Exercise materials
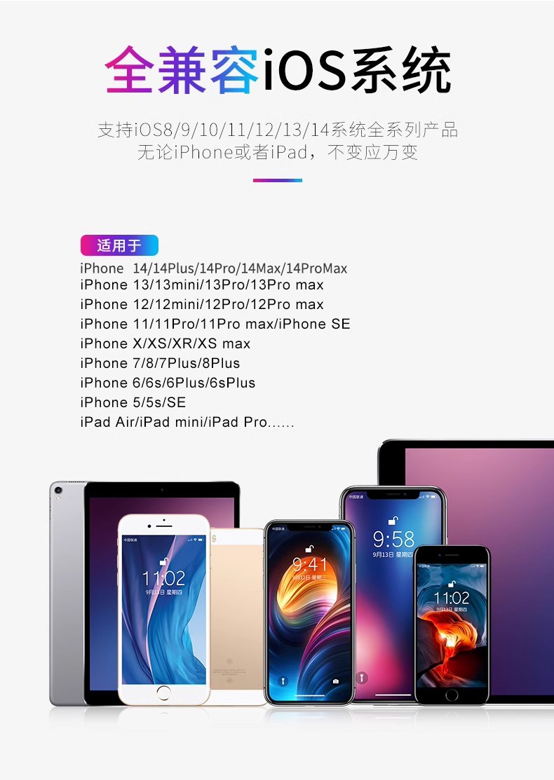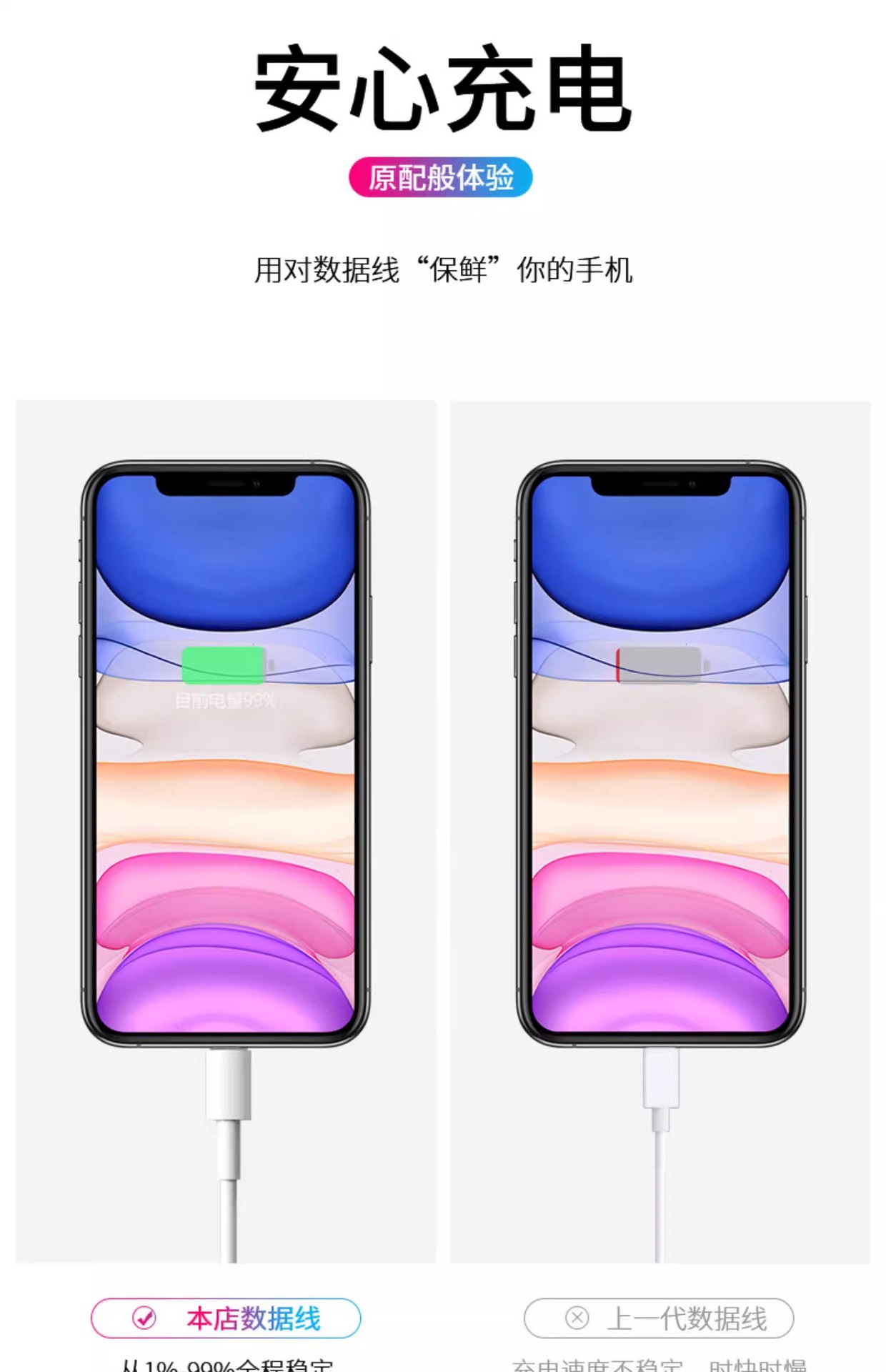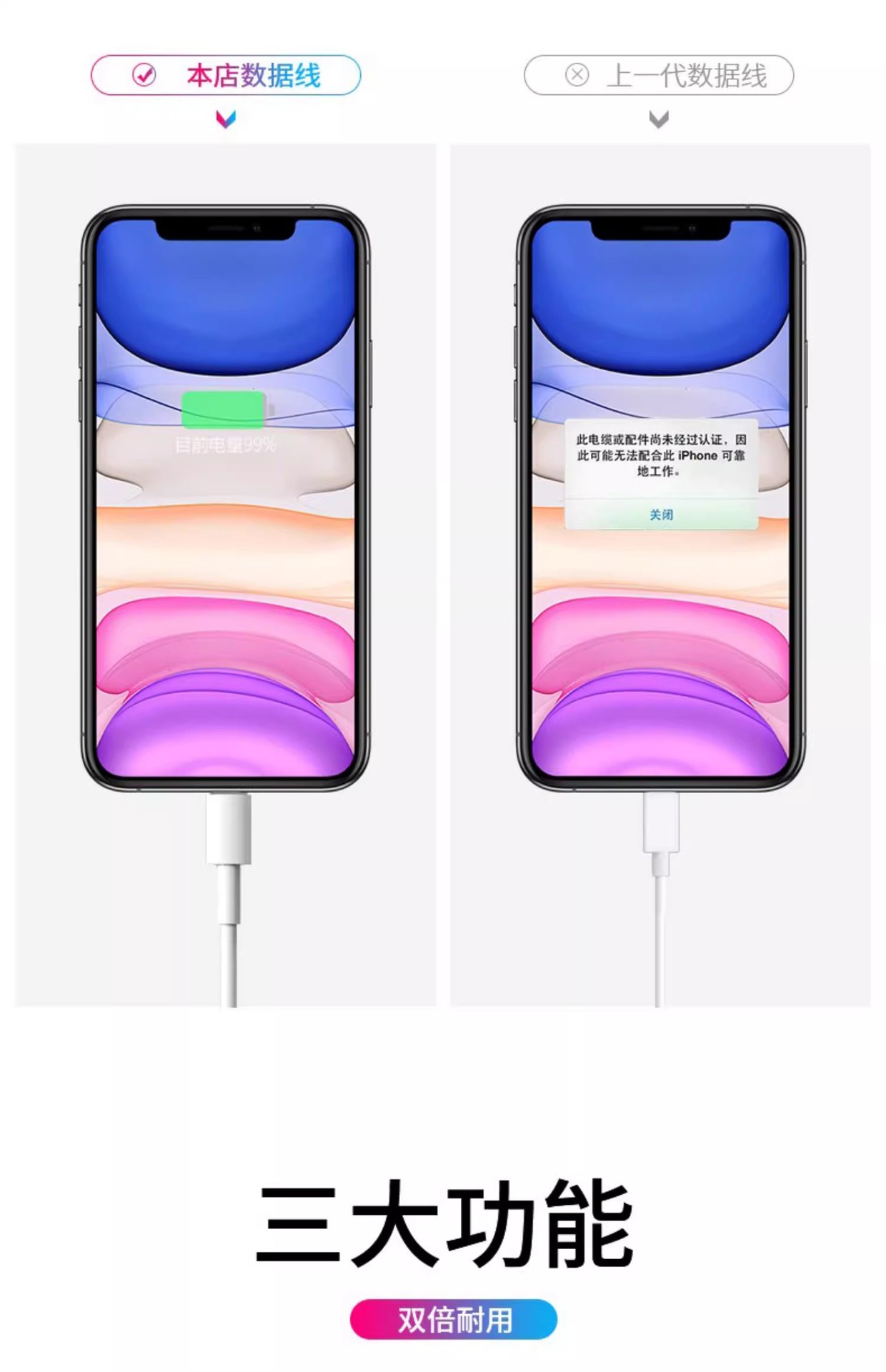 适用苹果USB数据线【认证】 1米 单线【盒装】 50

* * *

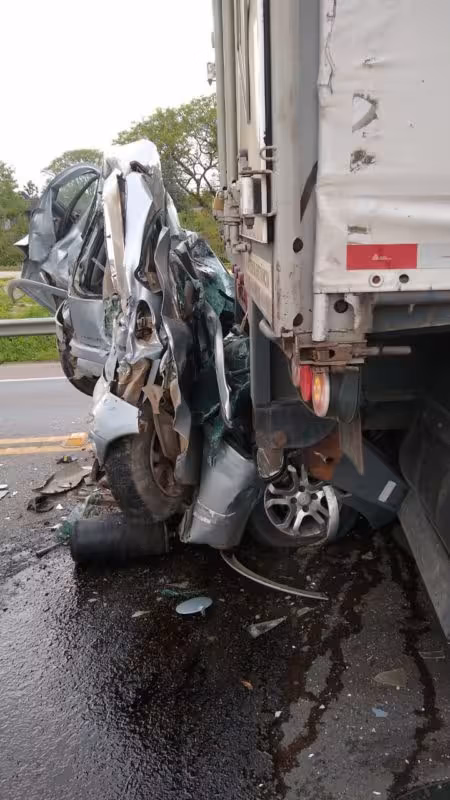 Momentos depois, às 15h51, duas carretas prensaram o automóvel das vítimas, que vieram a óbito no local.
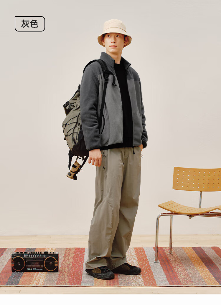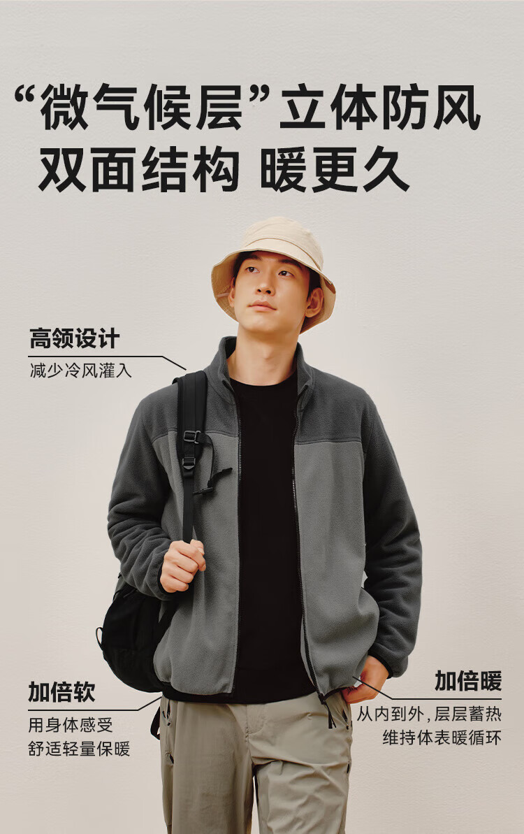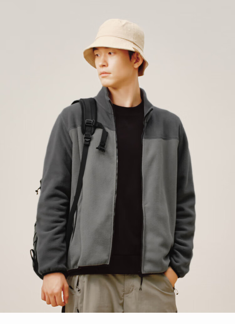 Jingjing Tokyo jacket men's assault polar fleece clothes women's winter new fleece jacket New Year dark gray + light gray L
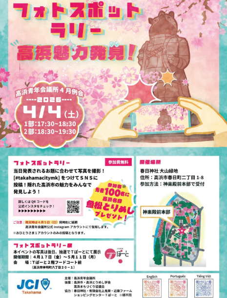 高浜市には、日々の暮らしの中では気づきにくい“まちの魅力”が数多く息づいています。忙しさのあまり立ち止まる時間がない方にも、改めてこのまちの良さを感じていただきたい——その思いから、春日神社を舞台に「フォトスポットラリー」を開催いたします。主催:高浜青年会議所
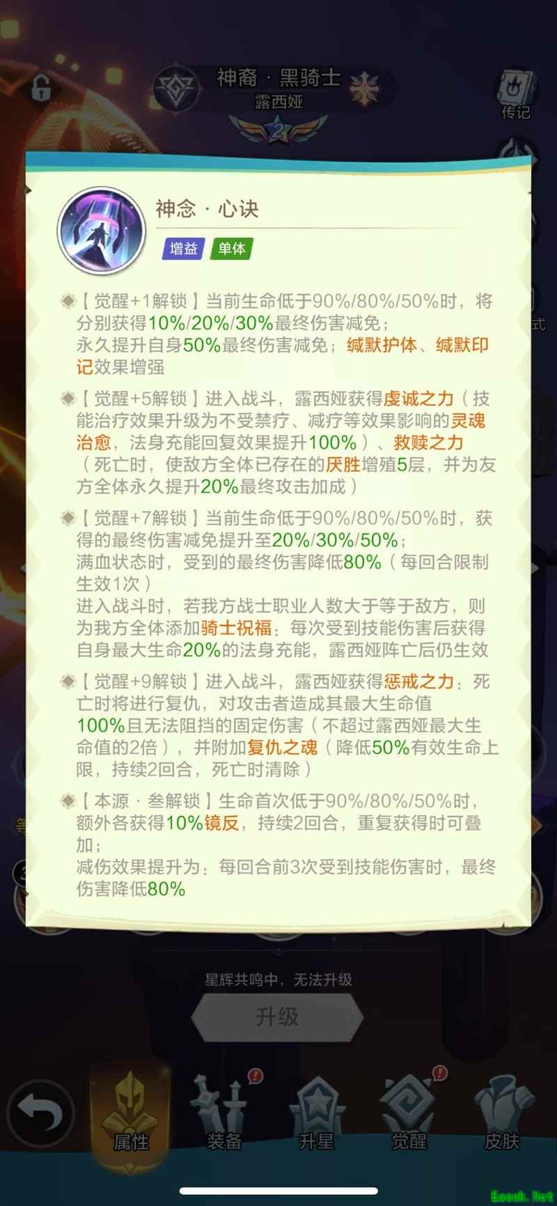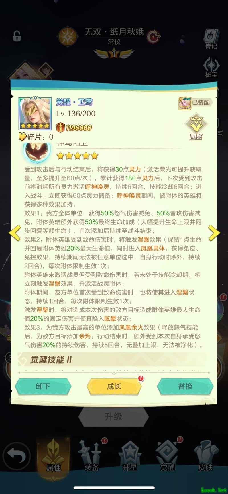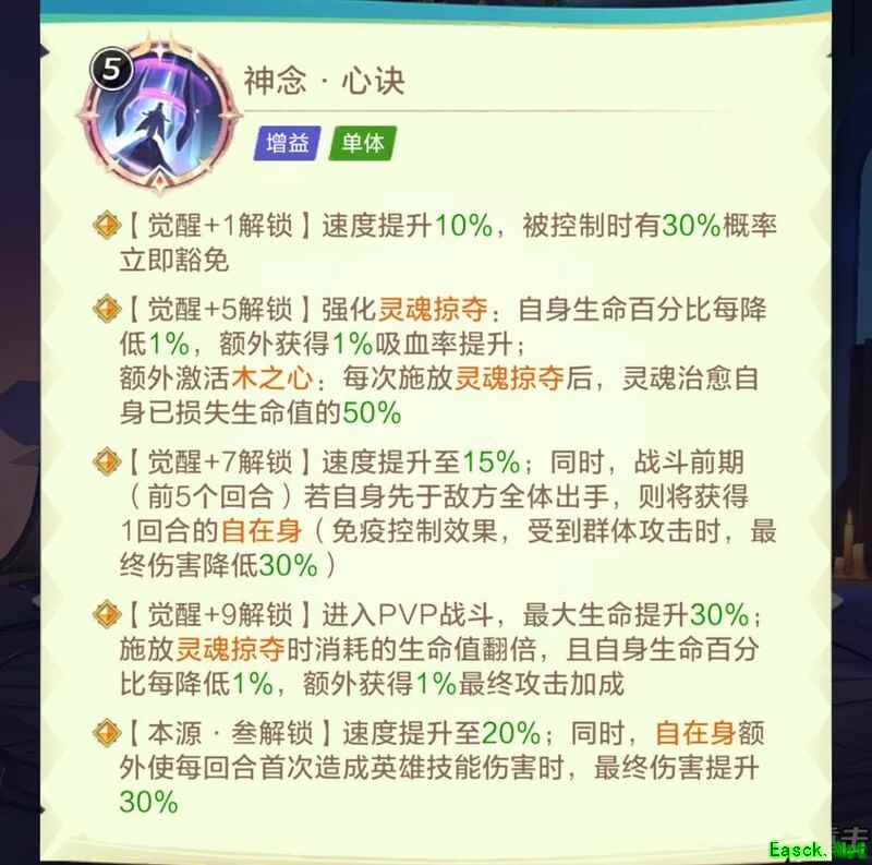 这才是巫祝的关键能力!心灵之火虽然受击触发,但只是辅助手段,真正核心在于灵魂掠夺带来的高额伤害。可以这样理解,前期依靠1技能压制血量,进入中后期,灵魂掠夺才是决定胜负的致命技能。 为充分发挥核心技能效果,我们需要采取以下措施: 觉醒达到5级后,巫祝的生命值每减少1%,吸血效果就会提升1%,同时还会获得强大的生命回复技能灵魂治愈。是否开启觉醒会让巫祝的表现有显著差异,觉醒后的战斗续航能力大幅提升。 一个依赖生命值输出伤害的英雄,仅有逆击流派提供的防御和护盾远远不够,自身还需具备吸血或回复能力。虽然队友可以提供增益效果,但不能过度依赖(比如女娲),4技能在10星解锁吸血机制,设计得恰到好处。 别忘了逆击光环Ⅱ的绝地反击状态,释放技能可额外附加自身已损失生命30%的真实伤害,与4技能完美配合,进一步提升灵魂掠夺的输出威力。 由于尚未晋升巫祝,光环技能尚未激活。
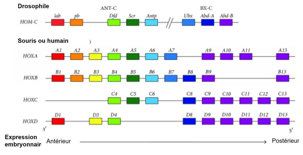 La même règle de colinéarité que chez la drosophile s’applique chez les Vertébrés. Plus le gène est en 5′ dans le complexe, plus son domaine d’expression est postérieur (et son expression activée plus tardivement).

What to work on
Both the line above containing "Momentos depois, às" and the line containing "La même règle" belong in the copy, along with every line between them; print these exactly and omit the pictures.

Response
 Momentos depois, às 15h51, duas carretas prensaram o automóvel das vítimas, que vieram a óbito no local.
 Jingjing Tokyo jacket men's assault polar fleece clothes women's winter new fleece jacket New Year dark gray + light gray L
 高浜市には、日々の暮らしの中では気づきにくい“まちの魅力”が数多く息づいています。忙しさのあまり立ち止まる時間がない方にも、改めてこのまちの良さを感じていただきたい——その思いから、春日神社を舞台に「フォトスポットラリー」を開催いたします。主催:高浜青年会議所
 这才是巫祝的关键能力!心灵之火虽然受击触发,但只是辅助手段,真正核心在于灵魂掠夺带来的高额伤害。可以这样理解,前期依靠1技能压制血量,进入中后期,灵魂掠夺才是决定胜负的致命技能。 为充分发挥核心技能效果,我们需要采取以下措施: 觉醒达到5级后,巫祝的生命值每减少1%,吸血效果就会提升1%,同时还会获得强大的生命回复技能灵魂治愈。是否开启觉醒会让巫祝的表现有显著差异,觉醒后的战斗续航能力大幅提升。 一个依赖生命值输出伤害的英雄,仅有逆击流派提供的防御和护盾远远不够,自身还需具备吸血或回复能力。虽然队友可以提供增益效果,但不能过度依赖(比如女娲),4技能在10星解锁吸血机制,设计得恰到好处。 别忘了逆击光环Ⅱ的绝地反击状态,释放技能可额外附加自身已损失生命30%的真实伤害,与4技能完美配合,进一步提升灵魂掠夺的输出威力。 由于尚未晋升巫祝,光环技能尚未激活。
 La même règle de colinéarité que chez la drosophile s’applique chez les Vertébrés. Plus le gène est en 5′ dans le complexe, plus son domaine d’expression est postérieur (et son expression activée plus tardivement).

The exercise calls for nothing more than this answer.